2018-20: John Mackenzie

John Mackenzie (Shaw Scholar)

I am extremely grateful for the opportunity that the Shaw Scholarship has provided in enabling me to pursue my long-standing interest in the works of both Robert Burns and John Steinbeck. Without this support, I simply would not be able to undertake this research. 

My thesis looks at the influence the writing of Burns had on the American author Steinbeck. Reference is quite often made to how Steinbeck appropriated the title for his 1937 novella Of Mice and Men from Burns's 'To a Mouse' but, surprisingly, nobody has examined the depth of influence that Burns had on Steinbeck's writing in general. My research, begun in October 2018, is being undertaken on a part-time basis. Good progress is being made thus far in determining the level of influence that is apparent, firstly from Steinbeck's body of work, but also from what is alluded to in his private writings and those of his family and companions.
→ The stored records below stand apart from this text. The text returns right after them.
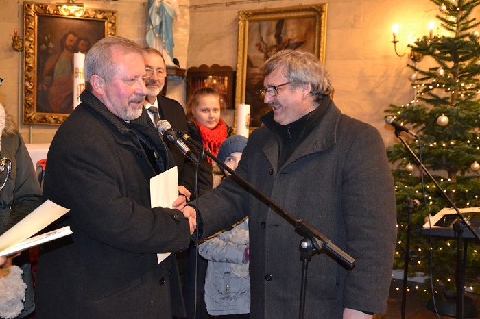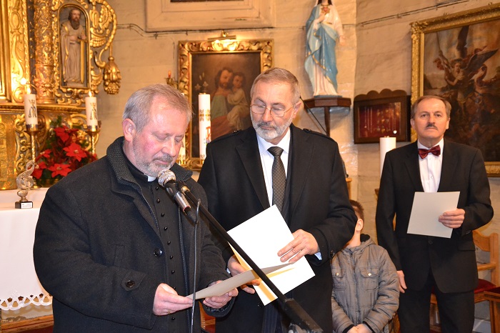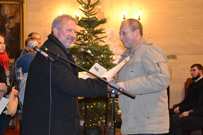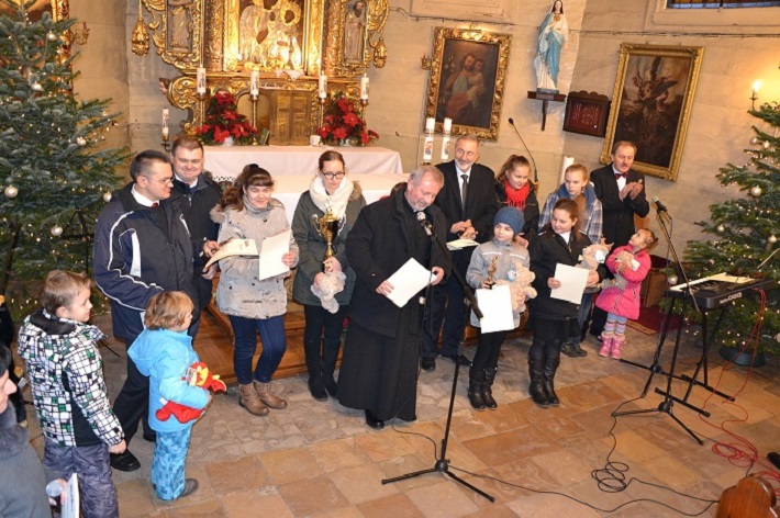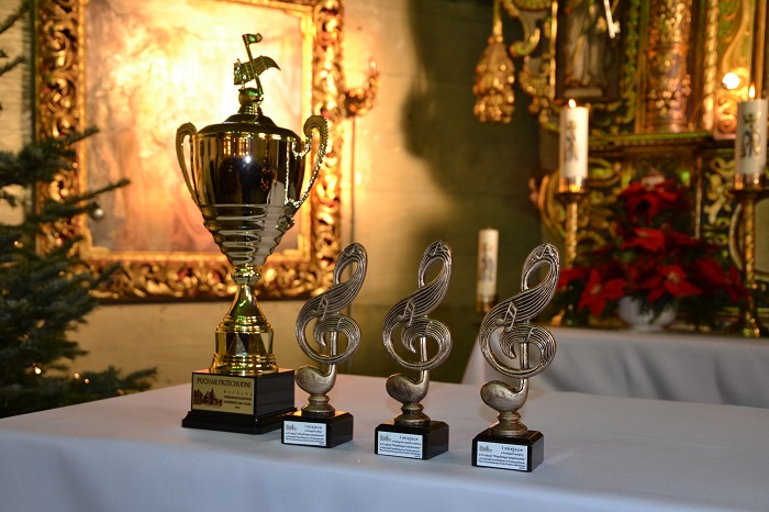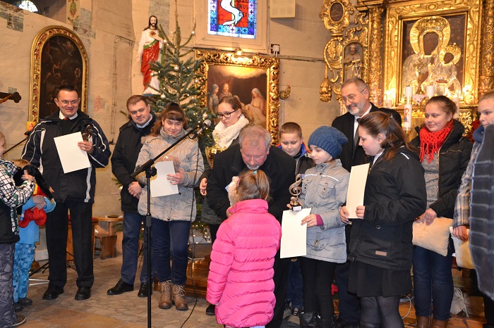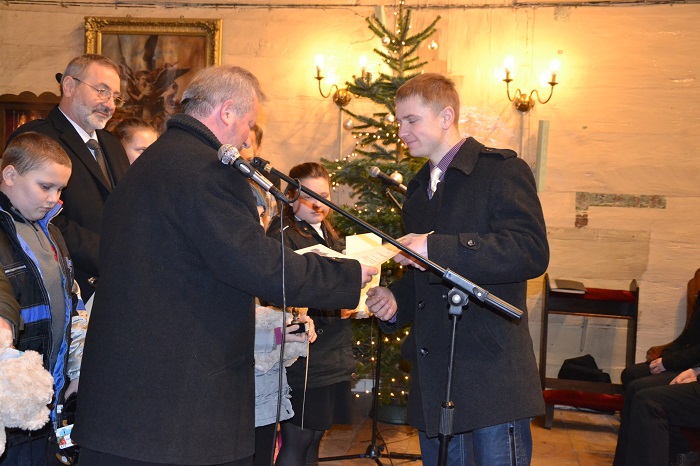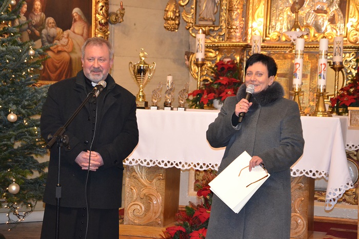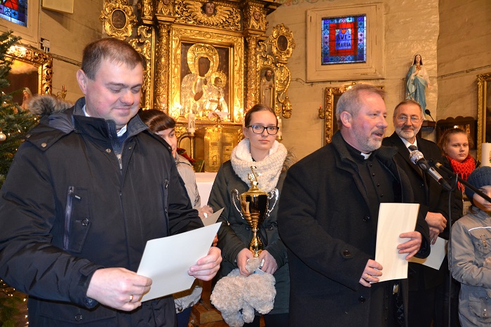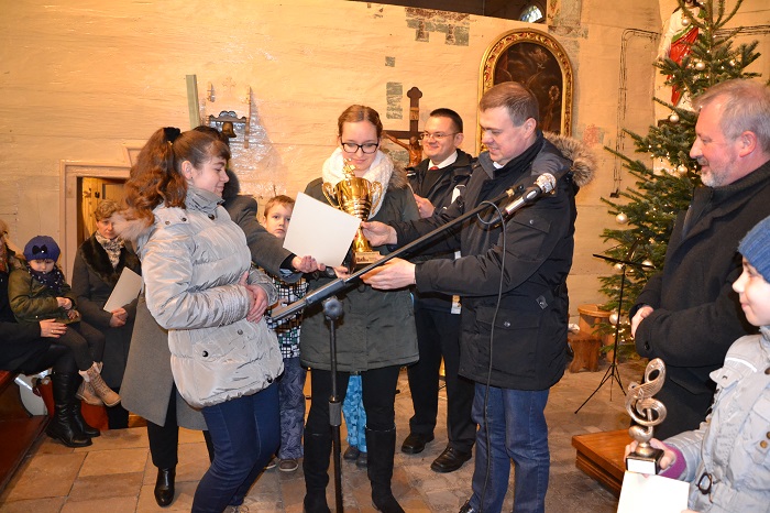 Pan Roman Woszek zeszłoroczny zdobywca pucharu przechodniego oddając puchar zaśpiewał kolędę, a publiczność gromkimi brawami nagrodziła ten występ.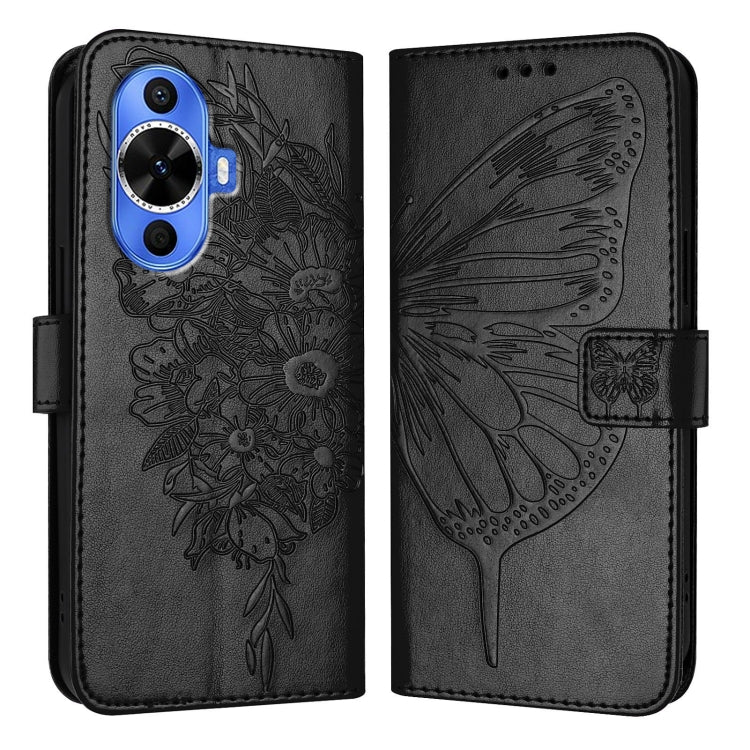 Funda de Cuero para Huawei Nova 12S 4G con Mariposa en Relieve (Negro)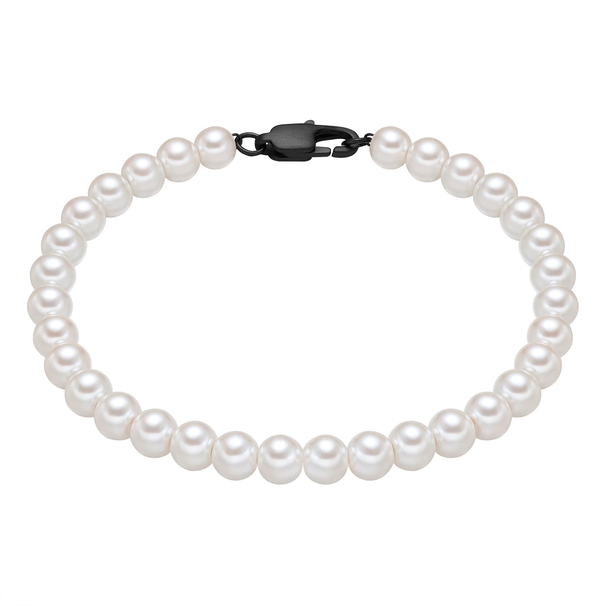 Armband Edelstahl schwarz Perle (synth.) weiß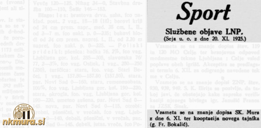 Iz službenih objav LNP z dne 20. novembra 1925, lahko razberemo, da ima Mura novega tajnika. To je postal Fr. Bokalić.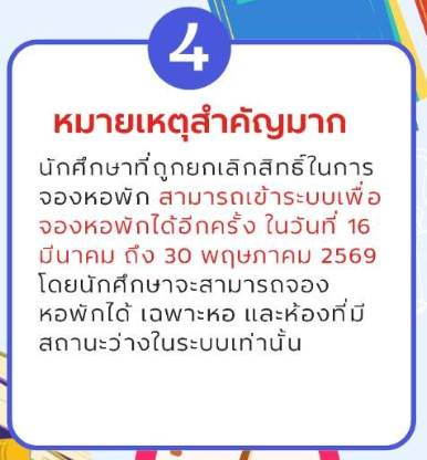 ในกรณีที่นักศึกษาถูกยกเลิกสิทธิ์การจองหอพัก นักศึกษายังสามารถกลับเข้ามาดำเนินการจองหอพักได้อีกครั้ง ระหว่างวันที่ 16 มีนาคม – 30 พฤษภาคม 2569 โดยสามารถเลือกจองได้เฉพาะ หอพักและห้องที่ยังมีสถานะว่างในระบบเท่านั้น ดังนั้นนักศึกษาควรดำเนินการทุกขั้นตอนให้ครบถ้วนตามระยะเวลาที่กำหนด เพื่อไม่ให้พลาดโอกาสในการเข้าพักในหอพักของมหาวิทยาลัย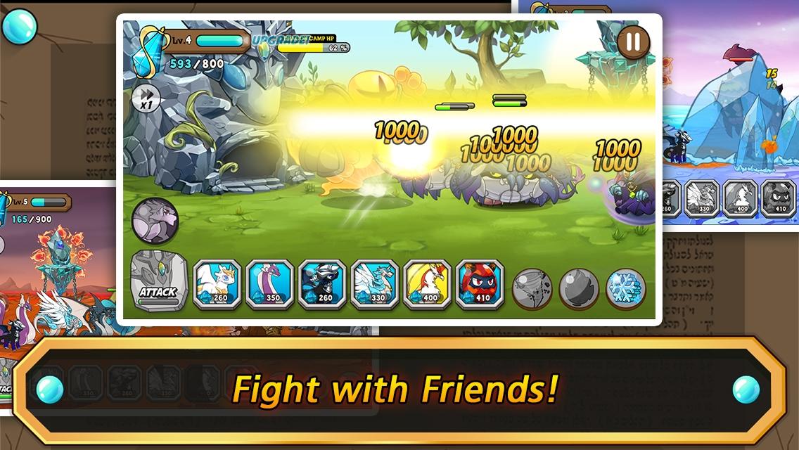 Dragon Village Saga – бесконечные сражения за право владеть островом в этой игре на андроид. Вы отправитесь в увлекательное путешествие на драконий остров, который хотят захватить ужасные монстры. Вашей задачей будет собрать сотни очаровательных и милых драконов и направить все их силы и способности на врагов. Исследуйте весь мир вокруг себя и очистите все уровни от многочисленных монстров. Используйте все свои умения и боевые навыки и дайте отпор врагам. Установите бесконечный режим игры и проверьте на деле способности своей команды. Собирайте монетки и приобретайте обновления и улучшения для своих героев.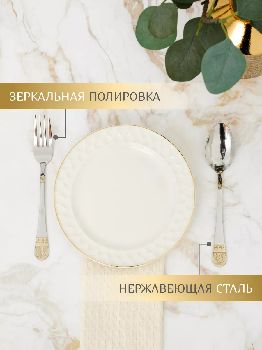 | В набор входит | Ложки столовые - 6 штук Вилки столовые - 6 штук Ложки чайные - 6 штук Ножи столовые - 6 штук |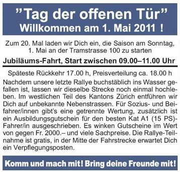 Saisonstart am Sonntag, 1.Mai 2011 |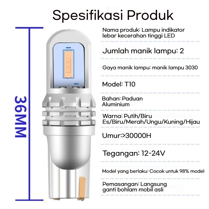 2Pcs LED T10 2SMD Lampu Mobil Motor untuk Sein&Senja Rem Kota (3 Warna)-SUPER TERANG-garansi 3 Tahun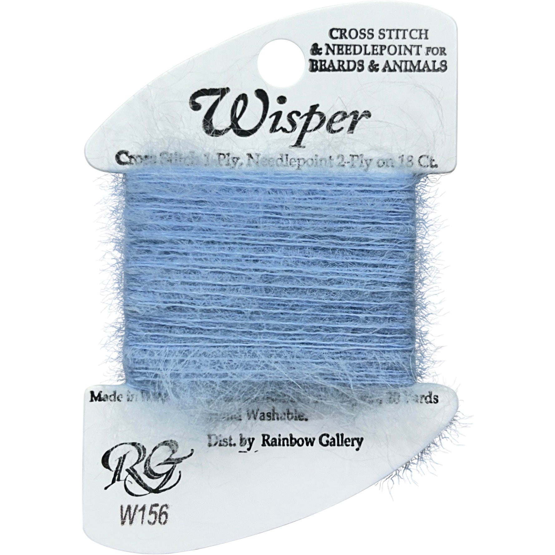 This is Wisper from Rainbow Gallery in color 156 Sky Blue. Great for animals and beards! 4 ply on 13 mesh, 2 ply on 18 mesh.

He was a prolific letter-writer and there is a large body of correspondence to which I will refer in order to establish the influence, or otherwise, of Burns on Steinbeck. 

Perhaps unsurprisingly, the thesis will include a chapter devoted specifically to Of Mice and Men, and it is that chapter my research is currently concentrating on .

 

2017-18: no award

 

2016-17: Kevin Gallagher

I was awarded the Shaw Scholarship in the summer on 2016, to undertake an MPhil degree at the University of Glasgow.  My dissertation, “Sitting in the mud and telling dirty stories about poets”: Robert Burns and the modern Scottish Renaissance, focussed on reception of Robert Burns in the Modernist era in Scotland (1920-1960).  I investigated the literary responses to Burns of four major Scottish writers of the period: Hugh MacDiarmid, Catherine Carswell, Edwin Muir and James Barke.

The funding I received from the Shaw Scholarship enabled me to alleviate the financial restraints that would have prevented me undertaking the research.  I worked part-time alongside my studies, but the assistance from Shaw’s allowed me to dedicate as much time as possible to ensuring the work I carried out was of a high academic standard.  I was awarded my MPhil degree in January 2018, having submitted in October 2017 and having to make only minor corrections.

The Shaw Scholarship not only allowed me to engage in Masters-level research; as a result of my work, I have gone on to PhD research, where again my focus is on Robert Burns this time investigating his textual legacy throughout the nineteenth century.  I am now entering my third and final year of this doctoral work.  I have also been able to present my work to various audiences in different locations, such as Ellisland Farm, Aix-Marseille University, University of St Andrew’s and Greenock Burns Club.  I have also undertaken teaching work in the Scottish Literature department at the University of Glasgow, where I will perhaps be able to engage with a future Shaw Scholar.

Without having the Shaw Scholarship to begin me on my postgraduate academic path, I would never have been able to take advantage of these opportunities.  I am deeply grateful to the Scottish Literature department for selecting my application in 2016 for this scholarship, and even more grateful to Frank and Susan Shaw for the support they have, and continue to, provide to Scottish literary studies in Glasgow.